Hang on I have a point. What happened to the litter bin at the corner of Trinity Gardens? 

There is enough fast food filth
from passers by, and now nowhere to go... :-(


----------



## Mr Retro (May 4, 2015)

leanderman said:


> It ticks all the cliche boxes. But the 'fucking cocks' can fucking cook. And BYO helps with the bill.


It does look like that for sure. What kind of money are they charging for a full meal?


----------



## teuchter (May 4, 2015)

I've noticed that the term "rentier" is rapidly becoming popular in the Brixton forum. In fact a quick look with the search function shows that 28 out of the 36 instances of its use have ocurred in the past 12 months.

Does this indicate a shift in focus in the "who to blame for gentrification" question or is it just a fashionable word where we used to say "landlords"?


----------



## cuppa tee (May 4, 2015)

teuchter said:


> I've noticed that the term "rentier" is rapidly becoming popular in the Brixton forum. In fact a quick look with the search function shows that 28 out of the 36 instances of its use have ocurred in the past 12 months.
> 
> Does this indicate a shift in focus in the "who to blame for gentrification" question or is it just a fashionable word where we used to say "landlords"?



I think _rentier _has a broader application than just landlords and can be used for many of the multitudinous parasites infesting modern society......


----------



## Black Halo (May 4, 2015)

BigMoaner said:


> i feel sorry for the brainwashed johevahs who are forced to stand there holding out magazines across london.





Gramsci said:


> So its Jehovah Witnesses who recently have appeared outside most tube stations in central London.





BigMoaner said:


> they're everywhere, all the little and main line stations i know for a start.
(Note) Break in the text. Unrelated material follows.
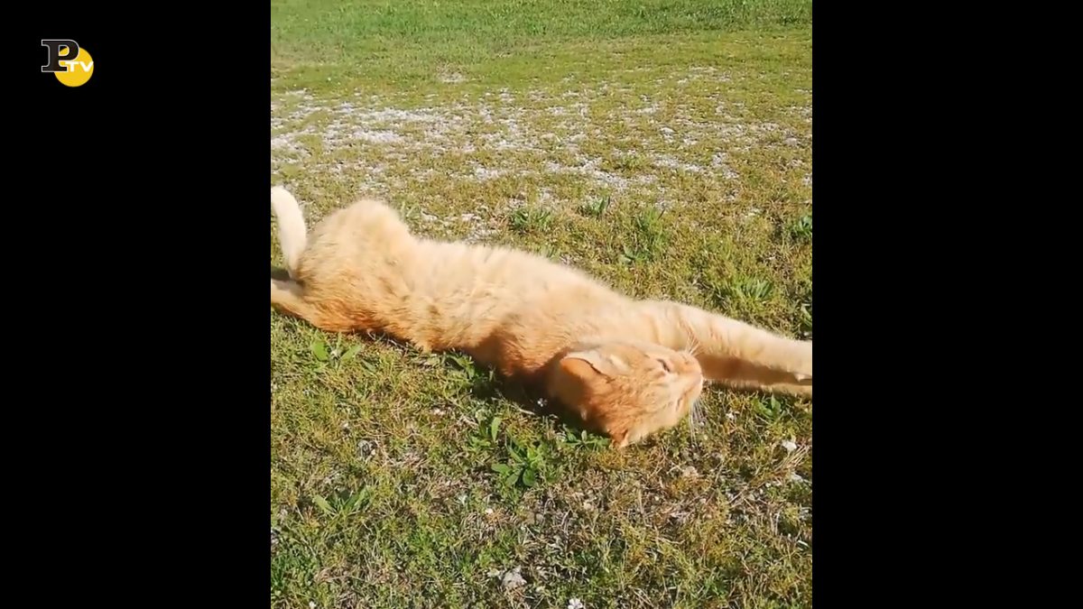Che simpatico gattino! Gira su se stesso alla ricerca della sua coda, disteso sul prato di un parco.

It's not just London this is happening everywhere, I have seen it in The Netherlands, Lisbon and Dublin that I can think of off the top of my head. JW have changed how they operate (and count preaching time) and instead of doorstepping they have moved to this new "passive" "preaching" to spread the word. There is an article about it on the very popular website of a British paper that I won't link to.


----------



## ViolentPanda (May 4, 2015)

cuppa tee said:


> I think _rentier _has a broader application than just landlords and can be used for many of the multitudinous parasites infesting modern society......



Perhaps teuchter should read some Marx. What he had to say may be 160+ years old, but it's still relevant to anyone who isn't a cabbage.


----------



## leanderman (May 4, 2015)

teuchter said:


> I've noticed that the term "rentier" is rapidly becoming popular in the Brixton forum. In fact a quick look with the search function shows that 28 out of the 36 instances of its use have ocurred in the past 12 months.
> 
> Does this indicate a shift in focus in the "who to blame for gentrification" question or is it just a fashionable word where we used to say "landlords"?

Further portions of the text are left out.